Almost every week in the national or business press there are articles about women in business, covering issues such as a lack of women in senior positions, pay gaps between men and women, the business case for gender diversity, and discussions about bullying, harassment and career discrimination. Given that these are important issues for Australia, it is critical that these issues continue to be aired continuously. However, in many of these articles the cause of all the above problems is generally attributed to unconscious gender bias.
This perhaps occurs for two reasons. Firstly, it is an easy way out to attribute the cause of these problems to other people's unconscious beliefs because they are not aware of such beliefs and therefore can't be held accountable for them; in other words, no-one is to blame.
Secondly, the men and women who believe unconscious bias is the main or sole cause of poor treatment of women do not perhaps observe the degree of conscious sexism that occurs in business.
Men who are consciously sexist have learned to be careful about what they say in front of women (and perhaps vice versa), which means that many women are not aware of the extent of sexist attitudes that I observe as a businessman mixing with male company directors and senior managers. Hence, many of the authors of such articles, who are mostly women, underestimate the degree of conscious sexism prevailing in our workplace, and, as a result, they incorrectly attribute sexist behaviour primarily to unconscious bias.
Some large listed organisations have stated in their annual reports that they have put their staff through unconscious bias training, and that is a good start, but the real question is: what are they then doing to assist their staff to deal with unconscious biases and how are they addressing the conscious biases we also are subject to?
Certainly, training which increases awareness of our unconscious biases is useful, but is insufficient on its own to bring about greatly improved employment practices, because awareness alone of one’s deep-seated unconscious biases does not usually remove them.
A few definitions may help.
Cognitive bias occurs from different causes when we make judgements and decisions, and there are more than 150 known types of such bias. Gender bias is the general name given to any type of bias which occurs in a situation involving gender.
Most organisations which have written policies and procedures for recruitment, performance appraisal and promotion of staff believe they manage these key processes well and that their decisions are based on “merit”, which they regard as an objective concept but is actually very subjective, partly due to bias. Unfortunately, current data on the number of women in middle and senior positions in industry and academia in Australia indicate these beliefs that merit is objective are ill-founded, and gender bias is prevalent in many organisations. The problem is not only due to unconscious bias, as many commentators observe, but both conscious and unconscious bias and a general lack of understanding of how bias affects our decisions about people.

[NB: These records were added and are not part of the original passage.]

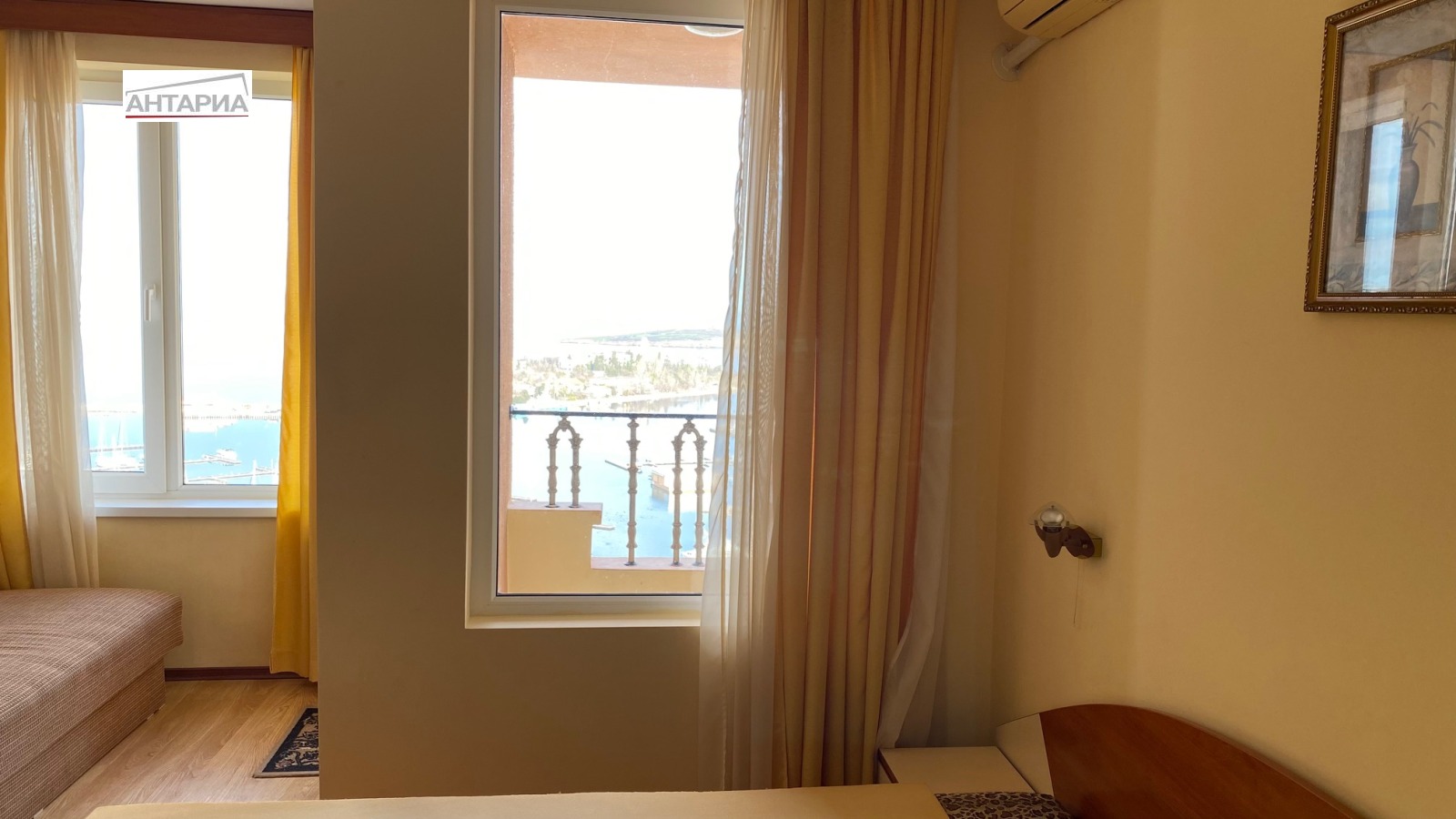 Обзаведен двустаен апартамент в централната градска част с изглед към пристанището. Апартаментът е на трети етаж, разпределен в коридор, дневна с кухненски бокс, спалня, две бани с тоалетна и два балкона. Апартаментът е подходящ за отданае под наем като два отделни имота.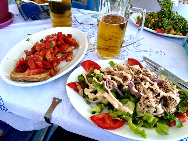 brushetta, tonnikalasalaatti ja rucolasalaatti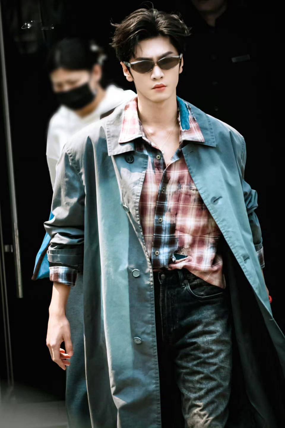 哲远请把长风衣焊在身上墨镜帅哥来也🕶️陈哲远长风衣墨镜造型陈哲远hi6上班路透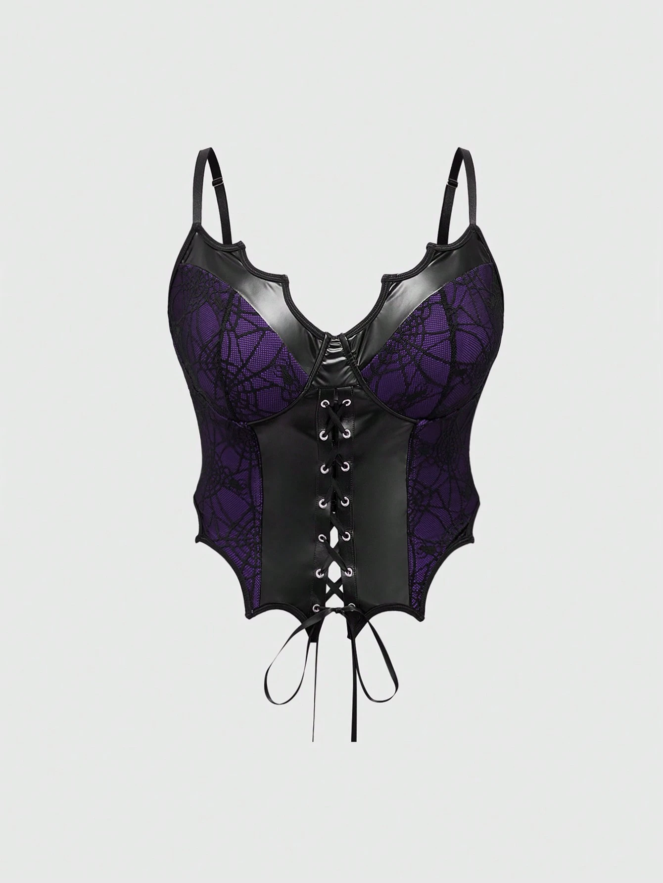 Goth Y2K Dark Sexy Spider Web Lace Patchwork Bat Shape Colorblock PU Leather Adjustable Camisole Crop Top For Women, Halloween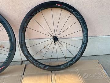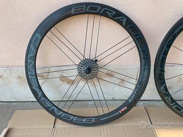 Vendo per inutilizzo ruote Campagnolo Bora One 50 mm per tubolari, le ruote sono in buone condizioni e tenute bene le ho utilizzate poco avendo 3 paia di ruote.Sono con cuscinetti normali NON ceramici , hanno adesivi Bora Two messi solo per estetica ma sono le Bora One!sono senza tubolari e con Corpetto Shimano 11v.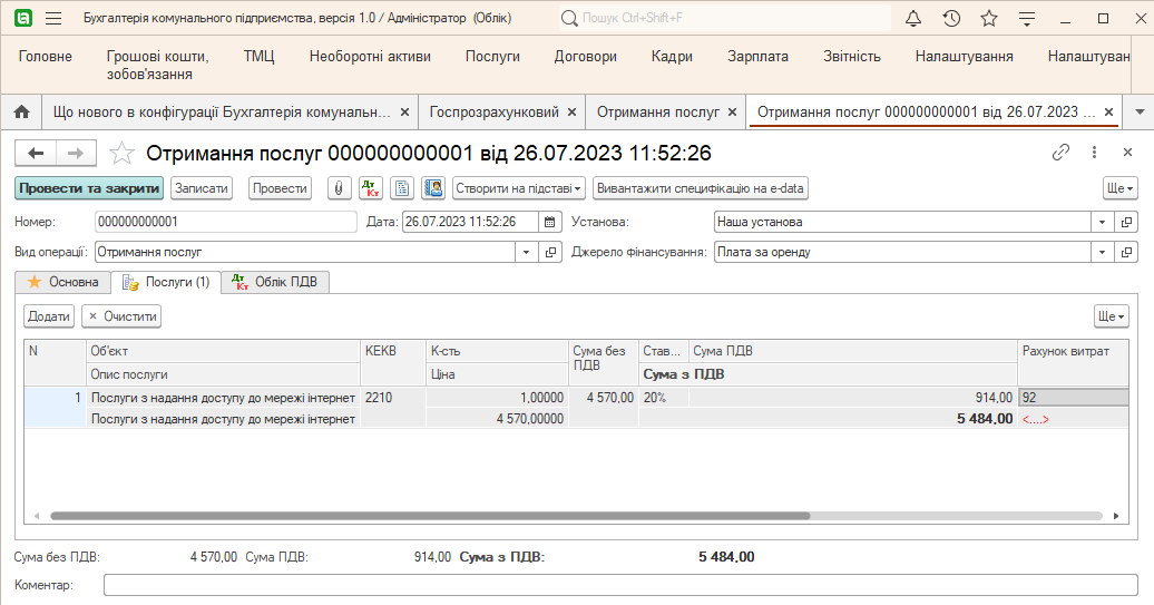 - Создадим документ Получение услуг и установим флажок Отнести НДС на налоговый кредит.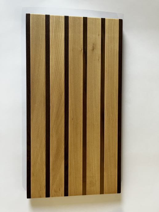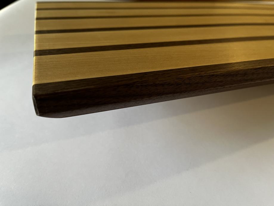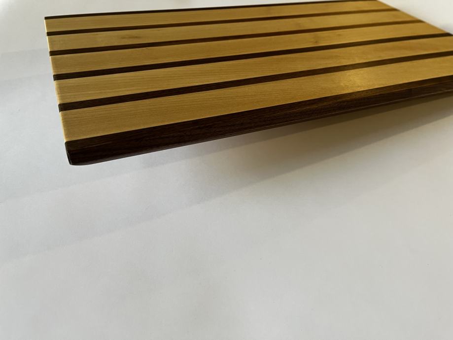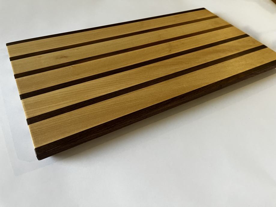 Nova servirna deska v kombinaciji oreha in javorja dimenzije 52,5x28cm in debeline 2,5cm. Deska je oljena z oljem neškodljivim za ljudi.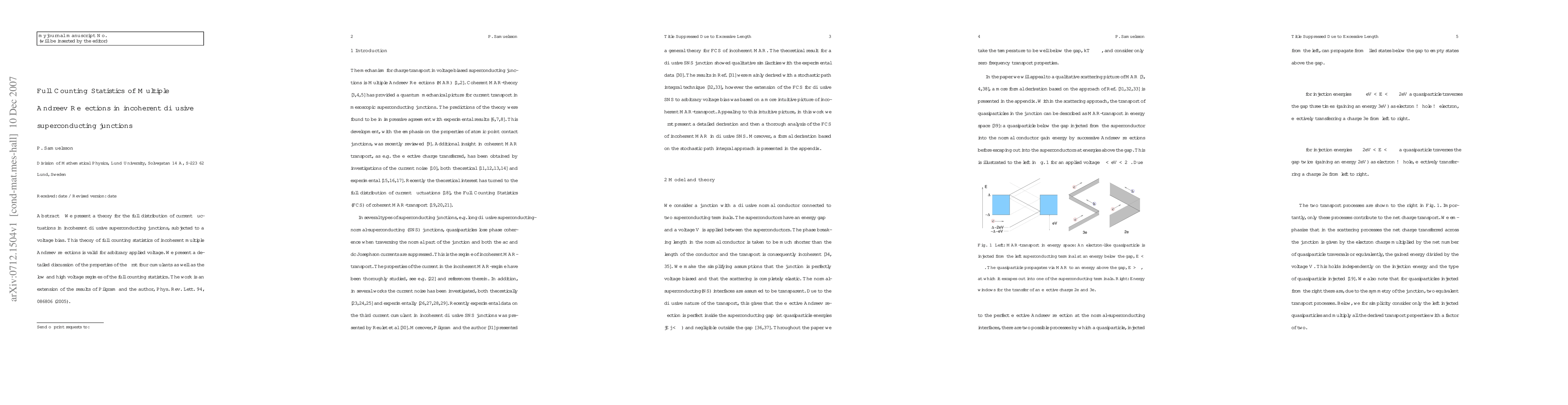 This paper develops a theoretical framework for understanding current fluctuations in diffusive superconducting junctions under voltage bias, focusing on the full counting statistics of incoherent multiple Andreev reflections. It examines the first four cumulants and analyzes both low and high voltage regimes, extending prior work by Pilgram and the author.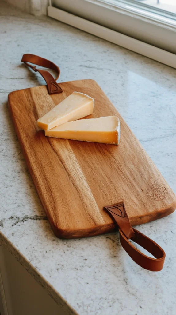 2. Wooden Serving Board with Leather Strap Handle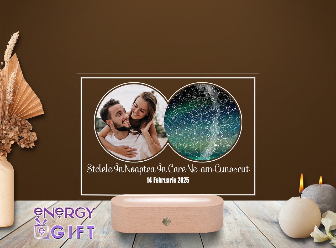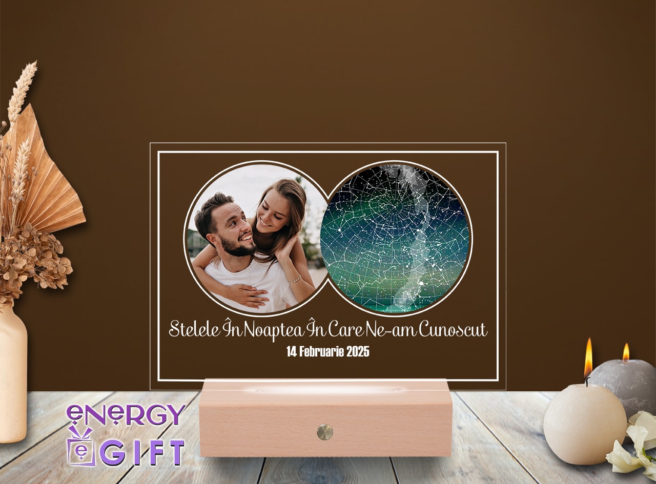 Lampa LED 3D cu constelație personalizată surprinde poziția exactă a stelelor dintr-un moment unic pentru tine. Adaugă un mesaj și transform-o într-un cadou simbolic, ideal pentru aniversări, nașteri sau începuturi de poveste.
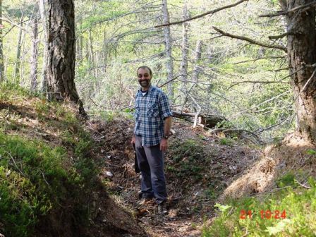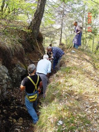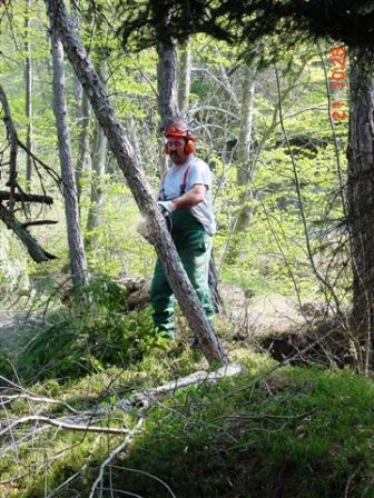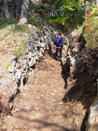 aiuta, un operaio taglia gli alberi vicino alla trincea. Arbeiten im Schützengraben, eine weitere Steintreppe gefunden, Dr. Condini hilft mit, ein Arbeiter fällt die Bäume nahe des Schützengrabens, die Wurzeln würden sonst den Graben zerstören....VJ

a 1% bias against women in all promotion decisions produced twice as many men than women in the level reporting to the CEO
Modelling of an organisation with eight levels of management from the very bottom to the top, which initially had an equal number of men and women at each level, shows that a mere 1% bias against women in all promotion decisions produced twice as many men than women in the level reporting to the CEO. A 1% bias in decision-making is undetectable in practice, but this modelling showed the significant effect which a tiny amount of constant bias can have when management makes decisions about promotion of its staff.
In summary, conscious sexism does exist amongst Australian board members and managers to a greater degree than women may observe. Merit as a criterion for recruitment and promotion decisions is a very subjective concept, and is open to bias. Even slight biases in organisational decision-making can lead to wide differences in the distribution of genders across the organisation. Giving staff unconscious bias training is not enough to seriously reduce gender bias, because awareness of one’s unconscious biases does not usually remove them and such training does not address conscious bias. To mitigate gender bias, more comprehensive training and new organisational practices are required.